I gotta say—aside from the swarm of monsters overhead, the unholy demonic snake ready to obliterate me, and the rogue mage assault squad looking to murder me—this was cool. Like supremely badass. I was riding a friggin’ griffin. Well, Garuda, but that’s just semantics, right?

All that was left to do now was take this baby for a test-drive.

 

 

 

 

 

 

THIRTY-FIVE:

 

Hell Ride

 

 

 

With a cluck of my tongue, I guided the beast toward the downed motorcycle, scanning the ground for Ferraro. She was nowhere to be seen. There was a crumpled swatch of jungle greenery smeared with bit of red, which suggested her likely landing spot after the crash, but she wasn’t there anymore. Splattered droplets of blood led from the crash site and deeper into the dense jungle growth beyond. She couldn’t have gotten far, though, not in the few scant minutes we’d been here, and not with any kind of serious injury.

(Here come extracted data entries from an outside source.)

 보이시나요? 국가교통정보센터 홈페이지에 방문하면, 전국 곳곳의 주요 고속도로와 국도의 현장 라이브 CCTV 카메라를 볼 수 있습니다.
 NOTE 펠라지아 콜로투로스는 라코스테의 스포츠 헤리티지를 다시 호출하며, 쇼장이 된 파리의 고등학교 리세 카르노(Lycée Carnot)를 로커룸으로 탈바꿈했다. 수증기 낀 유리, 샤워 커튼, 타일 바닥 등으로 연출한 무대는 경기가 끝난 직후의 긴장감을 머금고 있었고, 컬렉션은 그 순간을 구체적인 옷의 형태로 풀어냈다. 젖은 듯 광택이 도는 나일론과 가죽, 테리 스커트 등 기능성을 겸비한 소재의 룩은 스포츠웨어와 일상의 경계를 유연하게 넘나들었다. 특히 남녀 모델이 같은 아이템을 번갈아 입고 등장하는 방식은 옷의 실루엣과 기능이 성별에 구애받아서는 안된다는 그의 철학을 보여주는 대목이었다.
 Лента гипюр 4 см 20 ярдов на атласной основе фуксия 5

A flash of movement near the tree line caught my eye.

I let out a pent-up breath as Ferraro’s face, chalky and pale, appeared between a pair of squat palms. She had a nasty gash on her forehead, bleeding liberally, but other than that she seemed okay. I was also glad to see she had my grenade launcher cradled in her hands and the satchel of ammo from my saddlebag slung across her body.

“Yancy?” she called, creeping forward, though not breaking from tree cover. “You good?”

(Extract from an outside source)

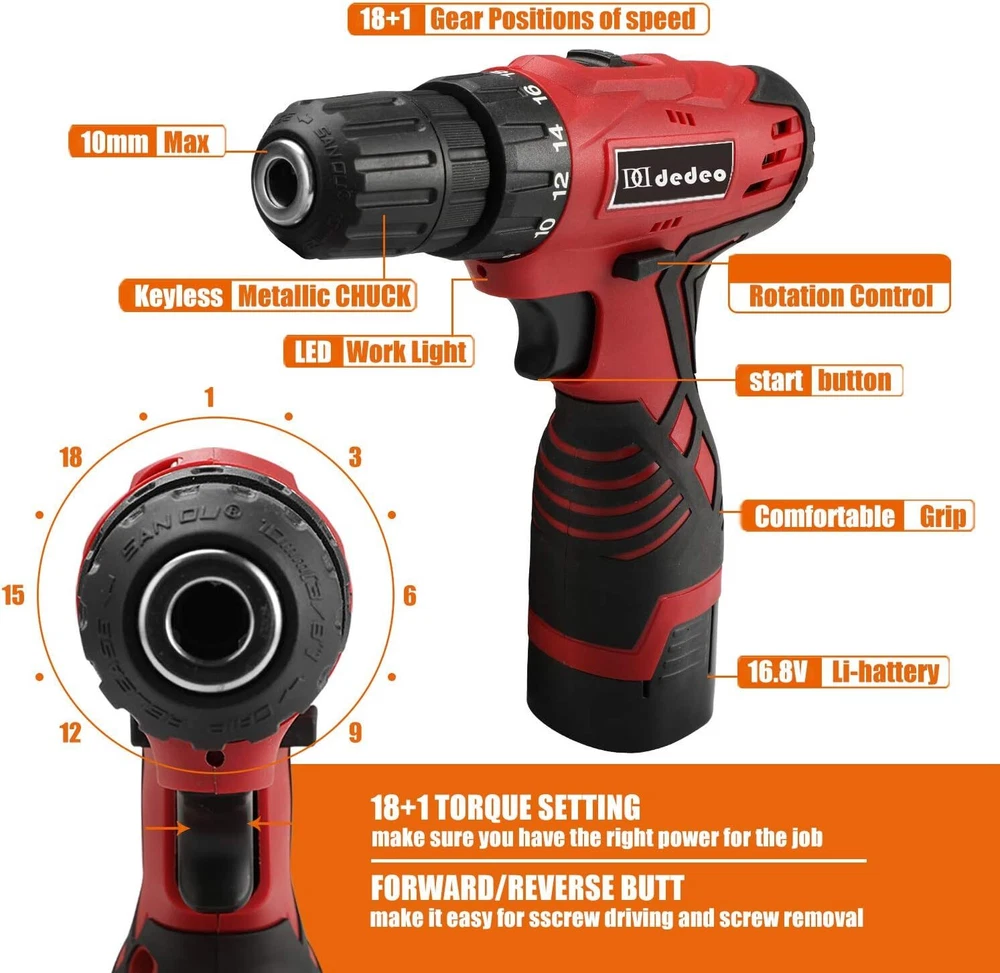 Product Description Tool Set with Drill, 108Pcs Cordless Drill Household Power Tools Set with 16.8V Lithium Driver Claw Hammer Wrenches Pliers DIY Accessories Tool Kit šŸ§°ć€Cordless Drill Set怑- Large 3/8"(10mm) keyless chuck can provide you superior bit retention,Equipped with 3-in-1 working mode, screw driving, drilling and impact drilling, this variable-speed (0-350RPM, 0-1350RPM) and 18+1 position drill is a powerful all-round helper for matching your desires, perfect for professional and DIYers. šŸ§°ć€ High Performance怑-This 16.8V cordless drill with 1500mAh large capacity Li-ion battery, you never need to worry about running out of power in the middle of a project. The battery is simple to change and charge. šŸ§°ć€Ergonomic Handle怑-The anti-slip grip ergonomic handle is made of soft rubber, which fits nicely in your hand. Comes with a trigger-delay LED work light which stays on for ten seconds after you’ve let go of the trigger, useful in dark basements or underneath a vehicle. šŸ§°ć€Highly Durable and Safe to Use怑-All of the tools meet specifications for added safety. No need to worry about your tools getting damaged or breaking while in use. Notice: please make sure the drill driver is fully charged at the first time using. šŸ§°ć€Quality Guarantee怑-This portable tool set is easy to carry allowing you to take your tools with you to work, around the house or outdoors.Our tool set are forged for strength, lasts a lifetime in normal use. If you are not satisfied, we offer a FREE replacement or full refund. About Us We are a reputable seller with many years of experience selling on eBay. Our goal is to provide high-quality products and excellent customer service. Shipping Items will be shipped within 1-3 business days when we received payment. (Orders are not processed on weekends & holidays) Tracking information will be sent once item is shipped. Delivery time depends on destination and other factors Item is shipped to ebay address. Leaving correct address can minimize delay. For international shipping and shipping to Guam, Hawaii and Alaska, Please contact us before placing the order. International buyers please note: Import duties, taxes and charges are not included in the item price or shipping charges. These charges are buyer’s responsibility. We will try our best to reduce the risk of the custom duties. Local pick-up is unavailable at the moment. Contact Us We reply any email messages within 1 business / working days(off-duty at weekend). If you do not get a response from us, then please check your junk or spam mailbox. Our Business hours: Mon-Fri 9:00-18:00, UTC/GMT +8 hours. Please contact us either by clicking "contact seller" in the "purchase history" section or simply click "ask a question" at the bottom of this page. If you are unsatisfied with our item or service, please contact us before leaving any feedback. We are committed to resolve all issues in a friendly and satisfactory manner.
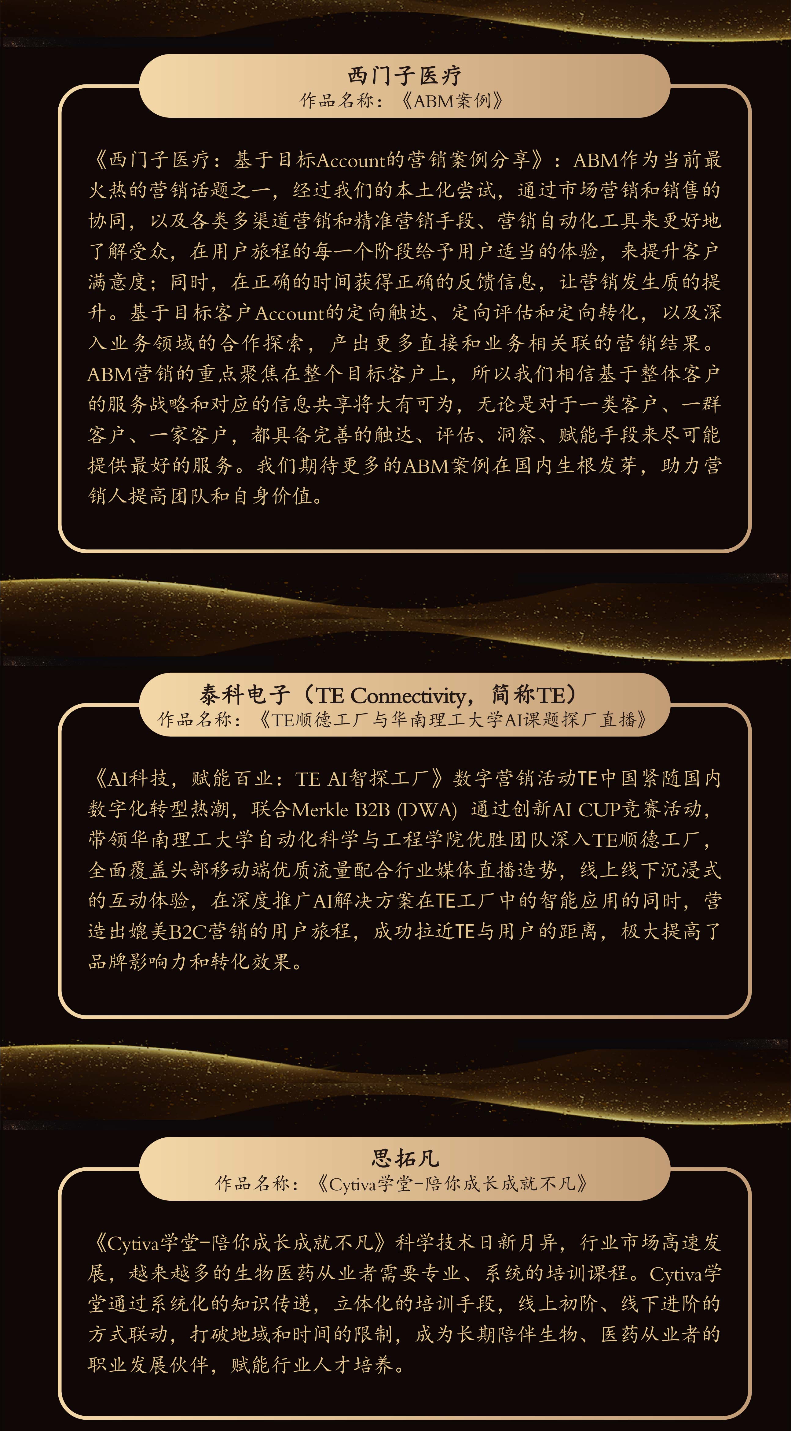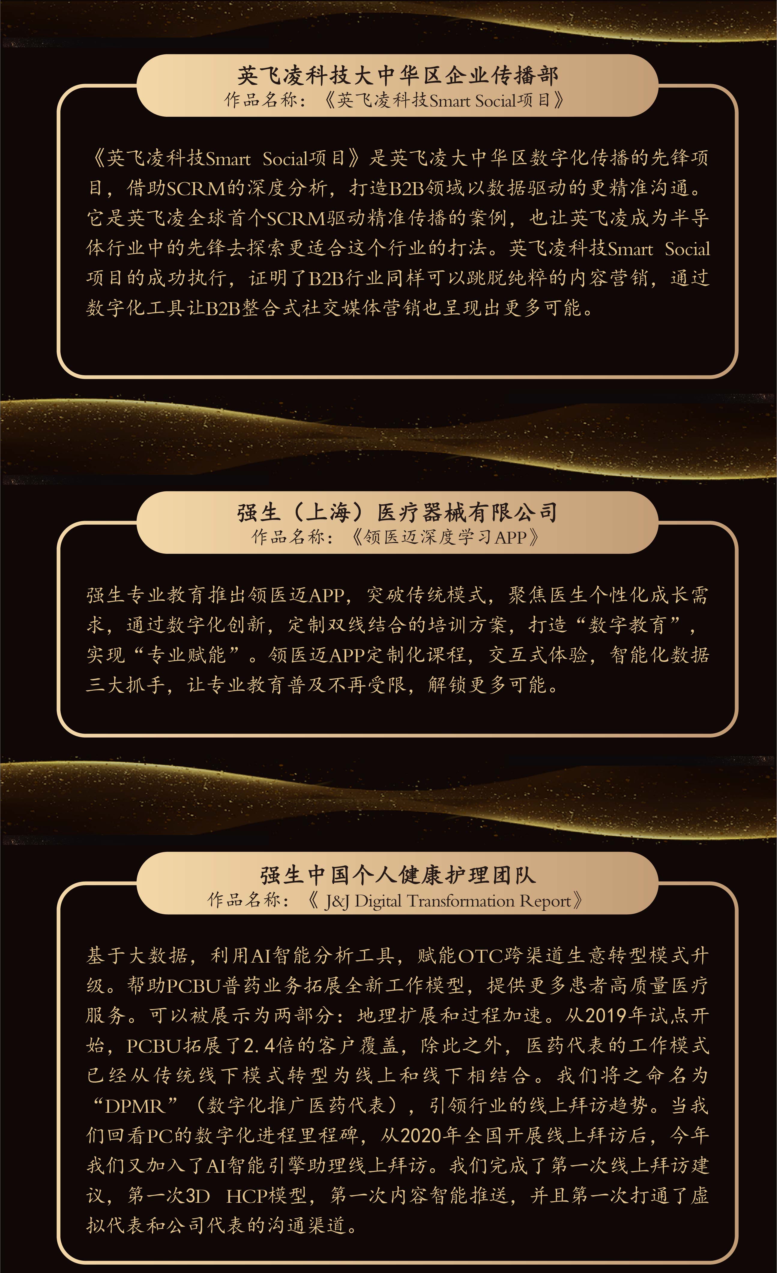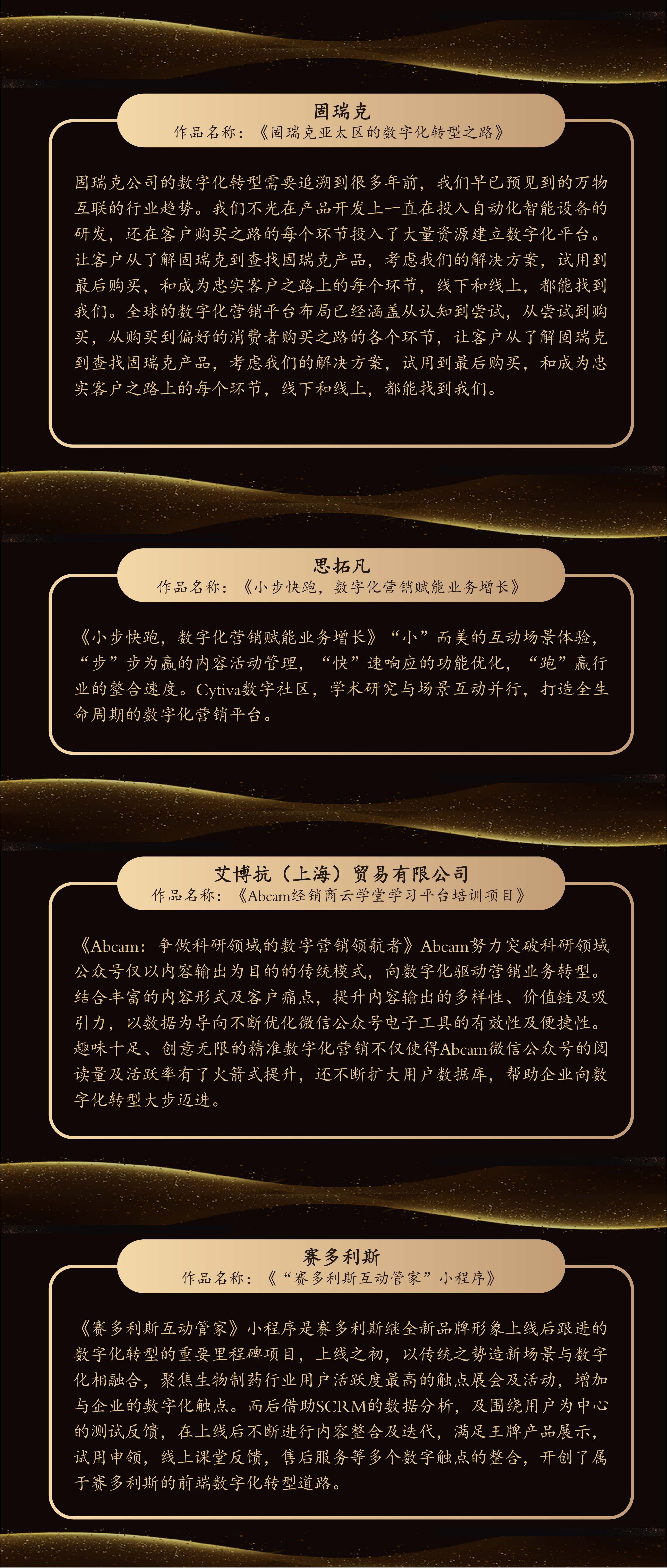 优秀数字营销转型奖,旨在发掘在企业营销数字化转型端上已有一些可追溯,可衡量,一定程度可应用到业务端并实现增长的优秀数字化实践案例。

“As good as can be expected,” I shouted back.

“What’s that thing you’re on?” she asked, eyeing the Garuda beneath me with supreme suspicion.

“This?” I patted the creature’s thick broad shoulder. “This guy’s our ri—”

The Garuda below me shrieked in surprise and surged forward with a mind of its own, lurching into a stumbling run, then launching itself into the air; its great wings thrusting, pummeling the air, lifting us up. I fell forward, arms encircling the creature’s neck in a shaky-handed death grip, doing my damnedest not to slip off and plummet to the ground below, which would’ve been awfully embarrassing.

A bolt of angry red light, a sizzling glob of Vis, streaked past me as the ground dropped away, and another quickly followed in its wake. I glanced down as the Garuda banked hard left, circling away from the sudden assault, and caught sight of the Brown-Robes pouring in through the axis mundi, led by Black Jack and the Savage Prophet. The Prophet’s eyes were still red and swollen from the OC spray, probably would be for a good long while, which made me absurdly and inexplicably happy.

The incoming assault squad immediately fell into a tactical defensive formation, while simultaneously opening fire on little ol’ me.

I stole a peek toward the tree line, looking for Ferraro, but she was gone. Vanished back into the deep shadow of the jungle.

Good.

I put her from mind as streaks of light and lances of flame flew at me. With a whisper of will, I tossed up a hasty defensive shield, a semi-translucent wall of blue, just in time to deflect several of the blasts, then willed the Garuda higher into the skies, out of their effective firing range. The bird-guardian heeded my command in an instant, great wings stretching back to give us more lift. It took us all of a few blinks before we leveled out, cruising along eighty or ninety feet above the ground, well out of the Brown-Robes’ reach.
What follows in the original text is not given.